- _PROBLEM DETAILS_: For the data below, retype word for word the lines from the one containing "1、本地10万词汇+20在线辞典查词,让查词更精确全面" through the one containing "A fachada da"; drop the pictures.

- _EXTRACTED MATERIAL_:
BEGIN

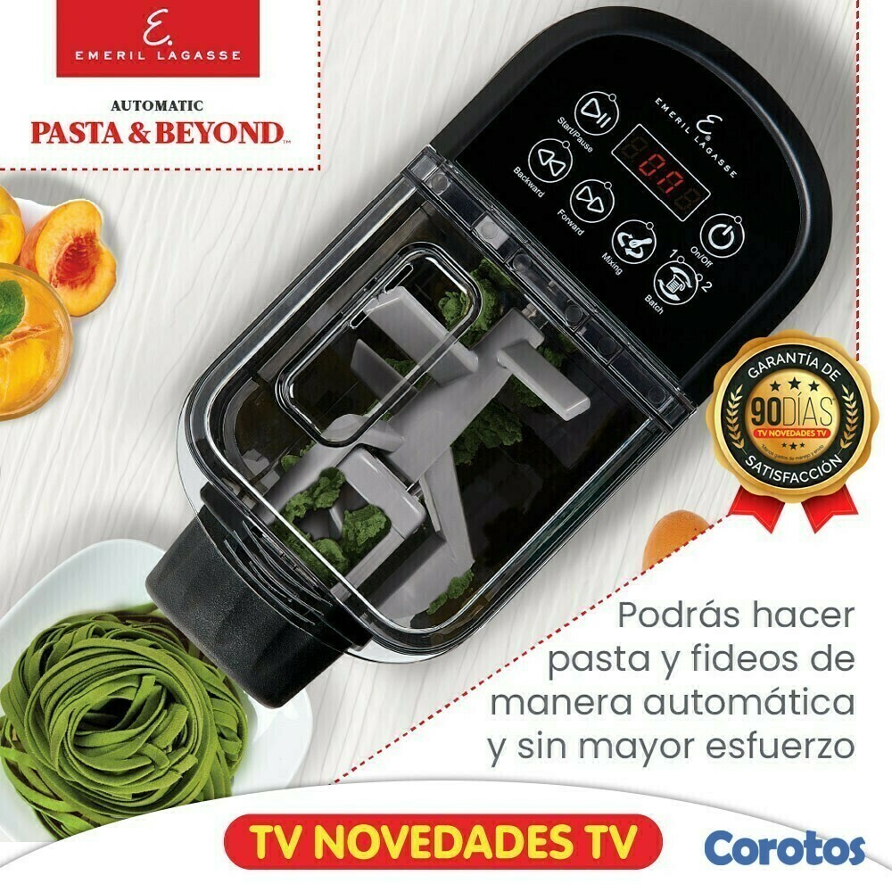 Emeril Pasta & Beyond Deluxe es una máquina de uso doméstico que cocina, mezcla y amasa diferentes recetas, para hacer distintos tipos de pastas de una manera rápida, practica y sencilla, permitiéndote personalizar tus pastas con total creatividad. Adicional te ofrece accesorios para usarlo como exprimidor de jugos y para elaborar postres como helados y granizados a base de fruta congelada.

END
BEGIN

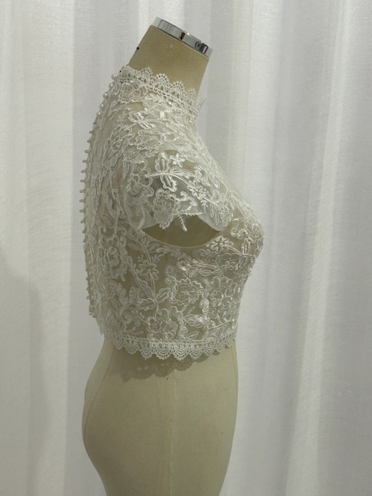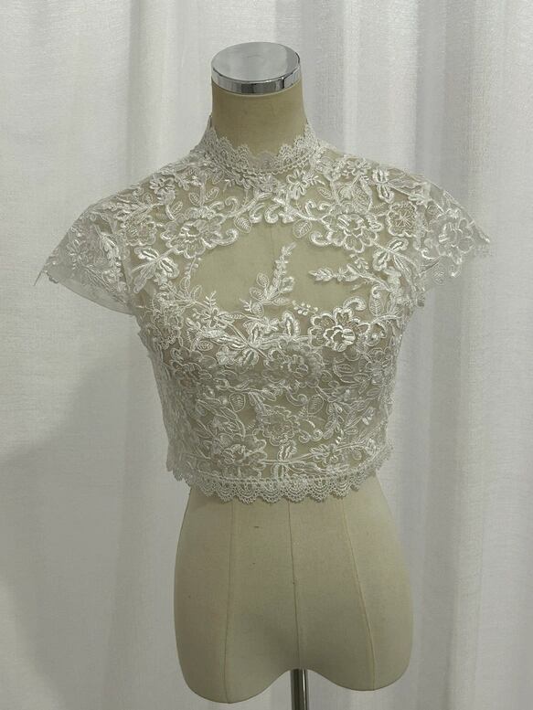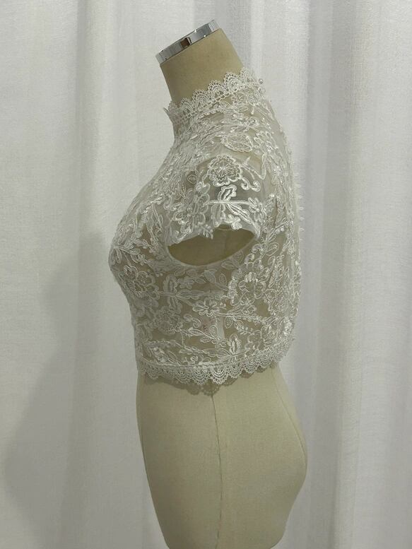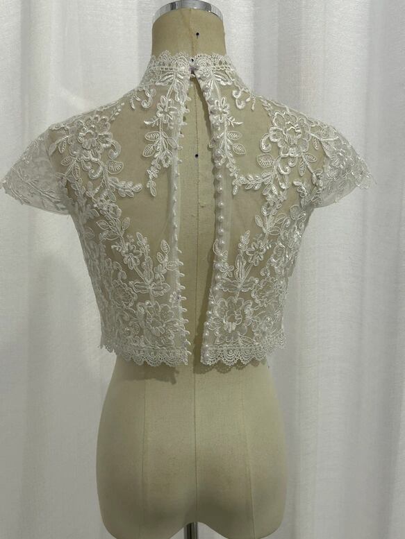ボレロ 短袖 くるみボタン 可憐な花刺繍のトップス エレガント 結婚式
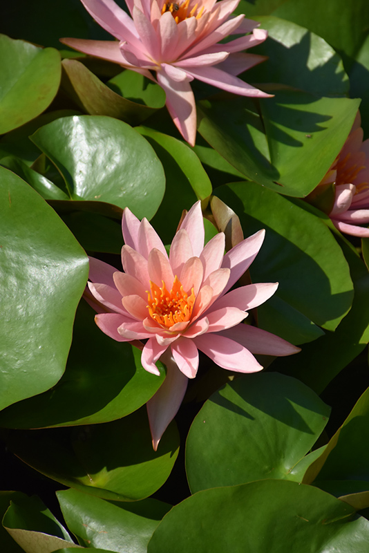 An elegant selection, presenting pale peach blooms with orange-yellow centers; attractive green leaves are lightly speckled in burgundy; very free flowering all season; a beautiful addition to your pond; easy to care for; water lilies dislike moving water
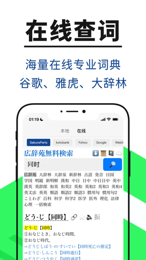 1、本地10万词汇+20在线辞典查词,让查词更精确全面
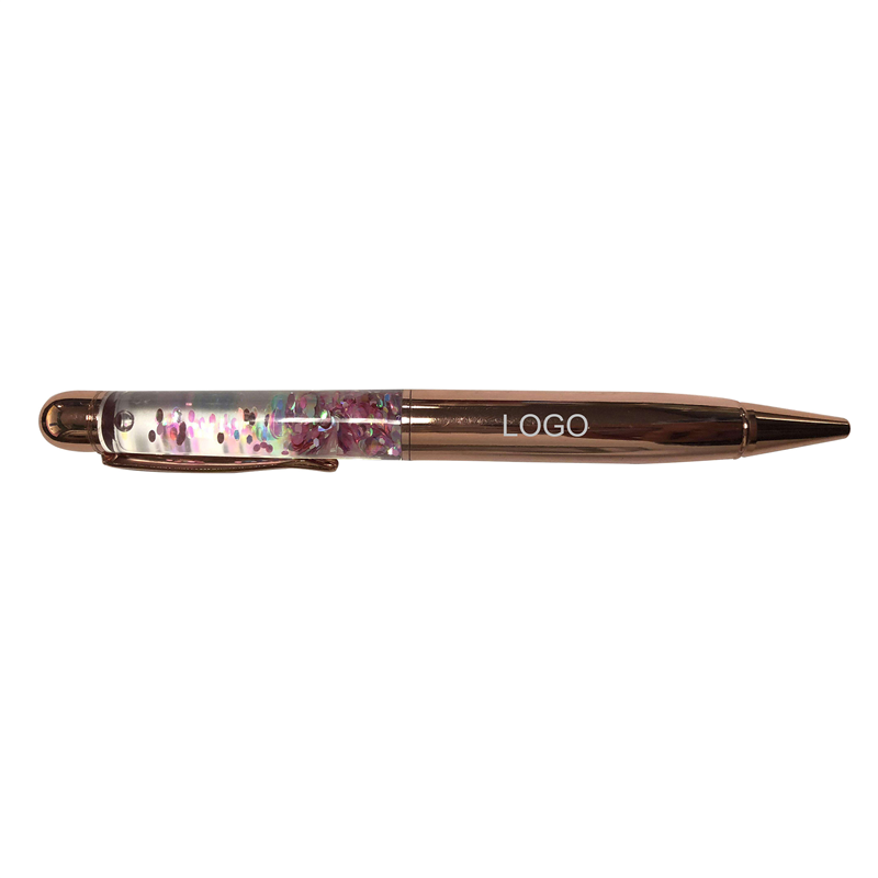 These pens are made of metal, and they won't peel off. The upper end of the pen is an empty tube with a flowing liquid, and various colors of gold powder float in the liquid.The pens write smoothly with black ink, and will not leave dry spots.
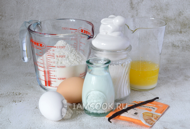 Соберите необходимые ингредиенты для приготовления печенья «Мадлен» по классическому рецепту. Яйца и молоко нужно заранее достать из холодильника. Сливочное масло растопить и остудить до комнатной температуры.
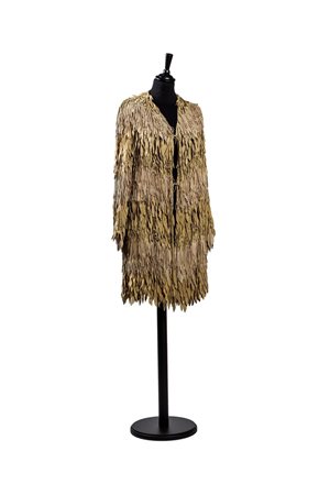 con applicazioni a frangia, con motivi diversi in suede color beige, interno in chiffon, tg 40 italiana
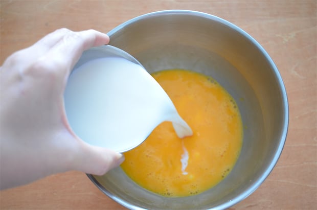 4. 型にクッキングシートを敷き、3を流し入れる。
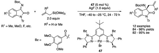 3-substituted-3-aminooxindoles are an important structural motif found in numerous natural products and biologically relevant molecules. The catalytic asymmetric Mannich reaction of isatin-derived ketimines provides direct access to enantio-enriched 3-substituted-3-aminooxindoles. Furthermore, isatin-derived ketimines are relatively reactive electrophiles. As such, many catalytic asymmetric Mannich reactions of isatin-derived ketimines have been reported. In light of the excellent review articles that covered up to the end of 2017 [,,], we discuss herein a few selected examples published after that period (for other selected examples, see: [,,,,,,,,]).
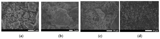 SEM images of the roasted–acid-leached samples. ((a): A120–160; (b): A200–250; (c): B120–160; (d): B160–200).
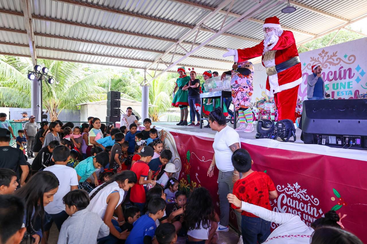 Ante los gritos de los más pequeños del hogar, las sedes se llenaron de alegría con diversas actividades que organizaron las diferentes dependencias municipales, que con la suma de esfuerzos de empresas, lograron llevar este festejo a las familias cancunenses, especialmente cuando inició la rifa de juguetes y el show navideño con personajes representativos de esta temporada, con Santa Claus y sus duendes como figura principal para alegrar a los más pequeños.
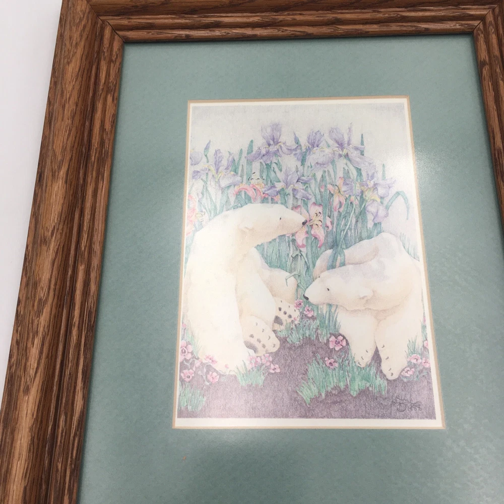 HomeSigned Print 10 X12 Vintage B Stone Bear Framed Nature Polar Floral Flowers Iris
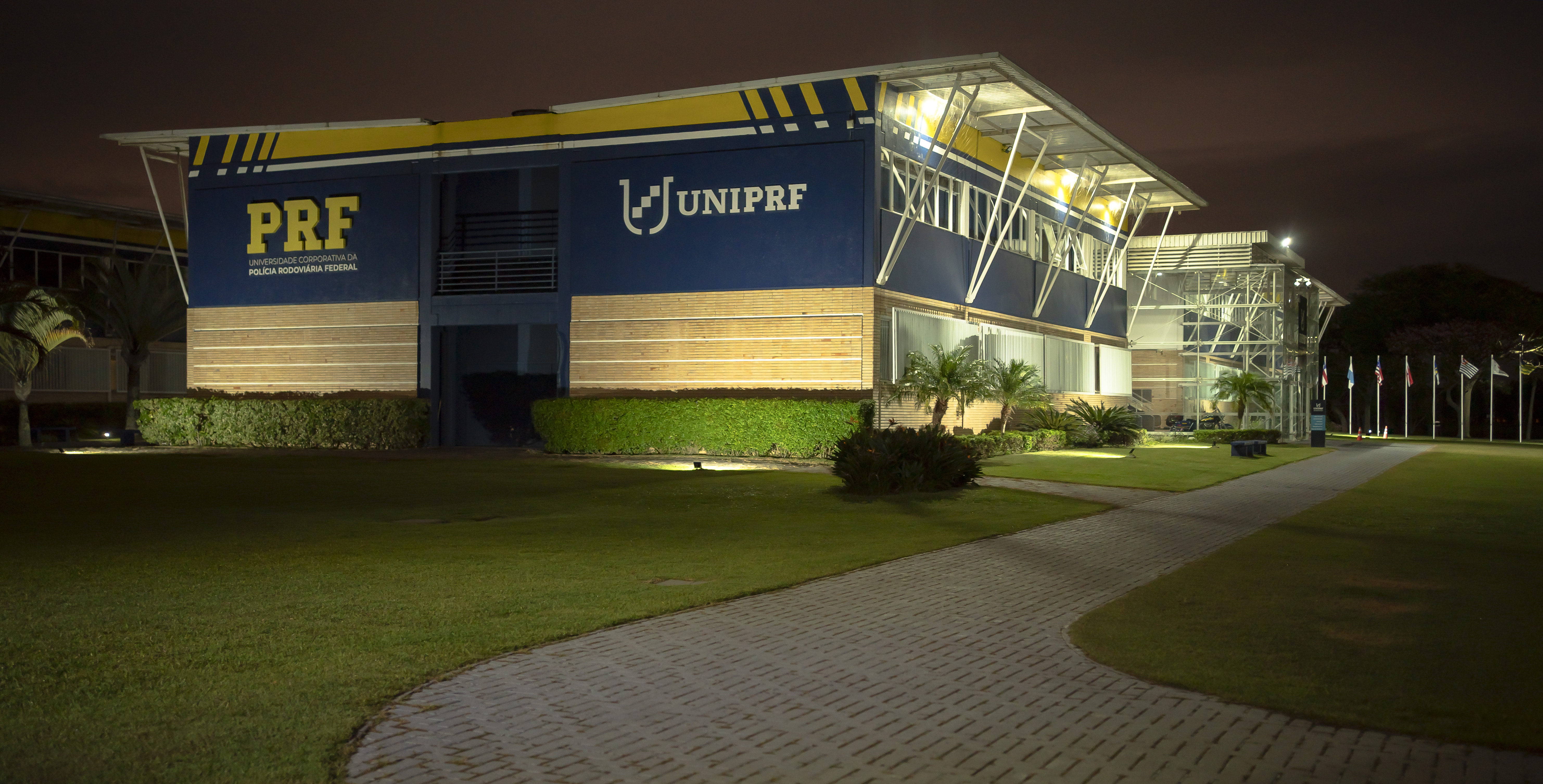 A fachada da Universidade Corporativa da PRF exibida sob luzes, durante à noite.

END
BEGIN

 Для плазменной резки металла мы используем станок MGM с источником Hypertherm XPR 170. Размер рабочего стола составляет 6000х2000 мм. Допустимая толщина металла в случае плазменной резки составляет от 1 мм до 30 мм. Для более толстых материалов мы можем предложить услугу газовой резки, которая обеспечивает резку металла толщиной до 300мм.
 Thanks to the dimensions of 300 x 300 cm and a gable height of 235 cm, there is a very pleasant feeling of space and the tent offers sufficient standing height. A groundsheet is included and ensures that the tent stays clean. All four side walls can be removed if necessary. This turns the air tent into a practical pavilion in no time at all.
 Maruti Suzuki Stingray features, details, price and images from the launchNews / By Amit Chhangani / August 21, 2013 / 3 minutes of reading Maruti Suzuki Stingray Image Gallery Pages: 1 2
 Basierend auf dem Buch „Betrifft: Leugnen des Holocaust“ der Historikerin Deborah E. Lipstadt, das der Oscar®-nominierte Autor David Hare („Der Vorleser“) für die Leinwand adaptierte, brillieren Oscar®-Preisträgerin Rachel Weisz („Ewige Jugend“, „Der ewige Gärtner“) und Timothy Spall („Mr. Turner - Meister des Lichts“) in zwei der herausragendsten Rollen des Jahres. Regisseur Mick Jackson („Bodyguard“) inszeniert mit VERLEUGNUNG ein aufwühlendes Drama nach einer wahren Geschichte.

END

- _TASK OUTPUT_:
 1、本地10万词汇+20在线辞典查词,让查词更精确全面
 These pens are made of metal, and they won't peel off. The upper end of the pen is an empty tube with a flowing liquid, and various colors of gold powder float in the liquid.The pens write smoothly with black ink, and will not leave dry spots.
 Соберите необходимые ингредиенты для приготовления печенья «Мадлен» по классическому рецепту. Яйца и молоко нужно заранее достать из холодильника. Сливочное масло растопить и остудить до комнатной температуры.
 con applicazioni a frangia, con motivi diversi in suede color beige, interno in chiffon, tg 40 italiana
 4. 型にクッキングシートを敷き、3を流し入れる。
 3-substituted-3-aminooxindoles are an important structural motif found in numerous natural products and biologically relevant molecules. The catalytic asymmetric Mannich reaction of isatin-derived ketimines provides direct access to enantio-enriched 3-substituted-3-aminooxindoles. Furthermore, isatin-derived ketimines are relatively reactive electrophiles. As such, many catalytic asymmetric Mannich reactions of isatin-derived ketimines have been reported. In light of the excellent review articles that covered up to the end of 2017 [,,], we discuss herein a few selected examples published after that period (for other selected examples, see: [,,,,,,,,]).
 SEM images of the roasted–acid-leached samples. ((a): A120–160; (b): A200–250; (c): B120–160; (d): B160–200).
 Ante los gritos de los más pequeños del hogar, las sedes se llenaron de alegría con diversas actividades que organizaron las diferentes dependencias municipales, que con la suma de esfuerzos de empresas, lograron llevar este festejo a las familias cancunenses, especialmente cuando inició la rifa de juguetes y el show navideño con personajes representativos de esta temporada, con Santa Claus y sus duendes como figura principal para alegrar a los más pequeños.
 HomeSigned Print 10 X12 Vintage B Stone Bear Framed Nature Polar Floral Flowers Iris
 A fachada da Universidade Corporativa da PRF exibida sob luzes, durante à noite.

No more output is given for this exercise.